Выходит, для насекомых чувствовать направление звука — обычное дело. Как любой дурак, у которого имеется флюгер, в состоянии отличить северный ветер от восточного, так и один-единственный орган слуха насекомого легко отличает колебания в направлении север — юг от колебаний по оси восток — запад. Определение направленности «встроено» в метод, используемый насекомыми для улавливания звуков. Барометры же так не умеют. Повышение давления — это просто повышение давления, с какой бы стороны молекулы ни приходили. И потому нам, позвоночным, с нашими ушами-барометрами, приходится вычислять направление звука, сопоставляя информацию, получаемую от каждого уха, — примерно так же, как мы вычисляем цвет, сопоставляя сигналы от разных типов колбочек. Мозг сравнивает громкость в одном и в другом ухе, а также отдельно — время прибытия к ним звуков (особенно отрывистых). Некоторые звуки поддаются такому сопоставлению легче, чем другие. Высота и длительность трелей сверчка подобраны так искусно, что слуху позвоночных трудно определить, откуда они исходят, однако самки сверчков, с их «ушами»-флюгерами, летят на зов прямой наводкой. Порой стрекотание сверчков даже создает иллюзию (по крайней мере, в моем мозгу позвоночного), что сверчок — в действительности сидящий неподвижно — скачет вокруг, будто зажженная петарда.

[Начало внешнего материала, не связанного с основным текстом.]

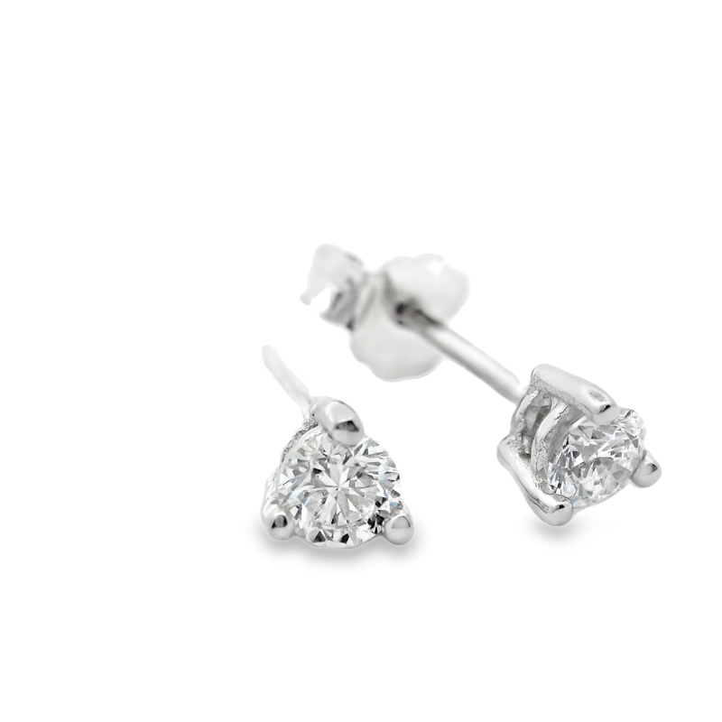 This pair of stud earrings in 18K white gold feature a classic design with round brilliant cut diamonds set in a prong setting. The sparkling diamonds have a total weight of 0.40cts, ensuring they catch the light beautifully with every movement. These earrings are versatile and can be worn with various outfits and occasions.

Звуки различных длин волн образуют спектр, аналогичный радуге. Звуковую радугу тоже можно расплести — собственно, это и позволяет нам хоть как-то ориентироваться в звуках. Если наше восприятие цвета представляет собой ярлыки, присвоенные мозгом свету с различными длинами волн, то в случае звуков точно такими же метками, используемыми мозгом для собственного удобства, служат значения высоты звука. Однако звуки характеризуются далеко не только высотой, и вот тут-то расплетание радуги выходит на передний план.
Камертон и стеклянная гармоника (инструмент, пользовавшийся благосклонностью Моцарта; состоит из тонких стеклянных чаш, которые настраиваются добавлением в них нужного количества воды, звук извлекается проведением смоченного пальца по ободку) издают кристально чистые звуки. Физики называют такие колебания синусоидальными, или гармоническими. Синусоидальные волны — это простейшая разновидность волн, своего рода идеальная абстракция. Плавные изгибы, змейкой пробегающие по веревке, если взмахивать одним ее концом, — это колебания, более или менее близкие к гармоническим, хотя частота их, разумеется, намного ниже, чем у звуковых волн. Большинство звуков — не простые синусоидальные волны: обычно они, как мы вскоре увидим, более сложные и менее плавные. А пока поговорим о камертоне и стеклянной гармонике и о производимых ими гладко изогнутых волнах перепадов давления — волнах, что разбегаются от своего источника расширяющимися концентрическими сферами. Ухо-барометр, находясь в некой определенной точке, фиксирует плавное возрастание давления, а затем плавное понижение — ритмичные колебания без каких-либо изломов или вывертов на графике. Каждый раз, когда частота волн удваивается (или вдвое уменьшается их длина, что одно и то же), мы слышим скачок на одну октаву. Очень малые частоты — самые низкие ноты оргáна — проходят через все наше тело и едва воспринимаются на слух. К очень высоким частотам люди (особенно пожилые) невосприимчивы, зато летучие мыши их прекрасно слышат и используют в форме эха, чтобы ориентироваться в пространстве. Это одна из самых захватывающих тем во всем естествознании, но я уже посвятил ей целую главу в «Слепом часовщике», так что удержусь от искушения и не буду углубляться.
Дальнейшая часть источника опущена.